You have heard how omega 3 is so good for you, how it can help prevent disease and also be helpful in case you're already suffering from one, so you went to the pharmacy to buy some. Once at the store you are bombarded with the options of different brands, dosages and types. Your first preference is omega 3, now what do you do?
Which one is better? Is fish oil better than flax seed oil or is flax seed oil best? What should you do? You try to ask others for their opinion, but if you are like most people, you really don't want to ask.
The answer isn't really an easy one. both of them contain omega 3, that is what you really want. The next question is, which one you should prefer?
Fish oil is considered to be one of the best sources of omega 3. Fish oil does not contain (ALA) Alpha-linolenic acid, it only contains (EPA) Eicosaentaenoic Acid and (DHA) Docosahexaenoic Acid. This is a very important fact since not everyone has the ability to convert ALA to EPA and DHA. Fish oil can also contain harmful chemicals in it due to the polluted waters the fish are coming from. Most of our rivers and lakes are polluted with pesticides and toxins in them that the fish are living in and absorbing before being caught to collect the oil from them. There are also farm raised fish that are being used that could provide a much better quality of fish oil.

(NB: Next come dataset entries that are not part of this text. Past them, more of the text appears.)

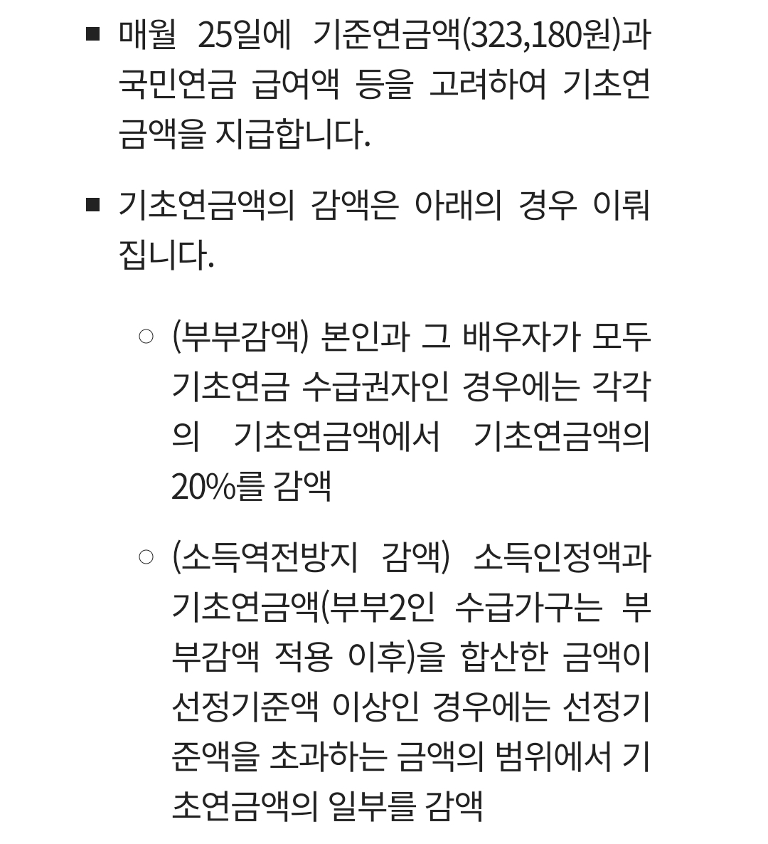 만65세 이상인 어르신으로서 소득인정액이 매년 보건복지부장관이 정하여 고시하는 금액 이하인 사람에게 지원합니다.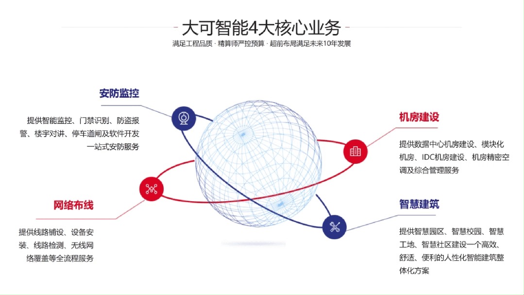 大可智能在行業(yè)內(nèi)率先提出“零分包”管理模式,并且自主要求每一個實施員工執(zhí)行公司制定的標準化施工規(guī)范,有效降低工程的成本,提高運轉(zhuǎn)效率,為客戶提供更高效的咨詢、規(guī)劃、設(shè)計、施工、運維一站式的解決方案。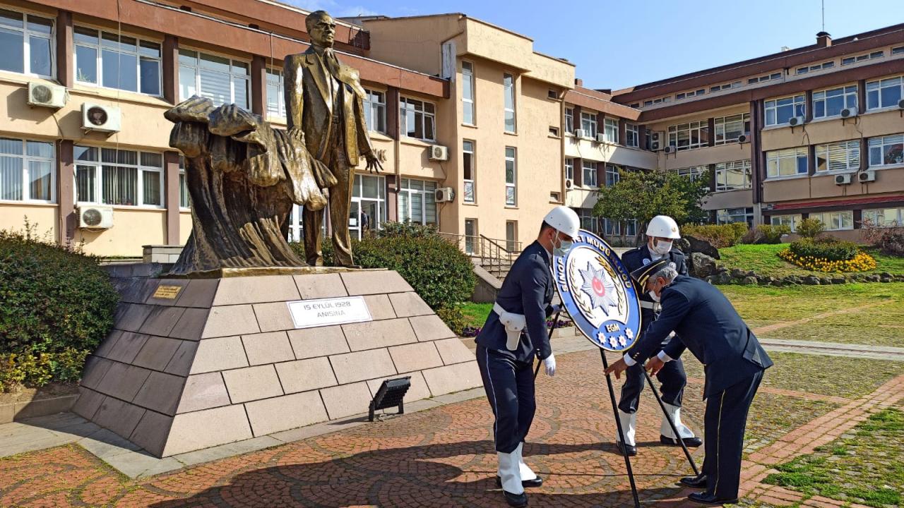 Ardından İl Emniyet Müdürü Cahit Şahin, Atatürk Anıtı'na çelenk sundu.

Flax seed oil contains (ALA) Alpha-linolenic acid . ALA is a type of Omega 3 that can be converted into the DHA and the EPA type that our body needs. As mentioned above, the only problem with ALA is that not everyone is able to convert the ALA into the DHA and the EPA types. Flax seed can be a more preferred way of getting omega 3 since it is plant based. It doesn't have the fear of the toxins that that fish oil type can possibly contain. You also don't get the burping after taste of fish. Some people who take flax seed oil complain about bouts of diarrhea but not everyone .
It's very important for you to get a daily intake of omega 3. It can be beneficial in relieving pain and swelling in case of arthritis. It is good for your heart, helps in decreasing cholesterol levels in your blood, and helps out with high blood pressure. It is also known for helping you prevent colon, breast and prostrate cancers.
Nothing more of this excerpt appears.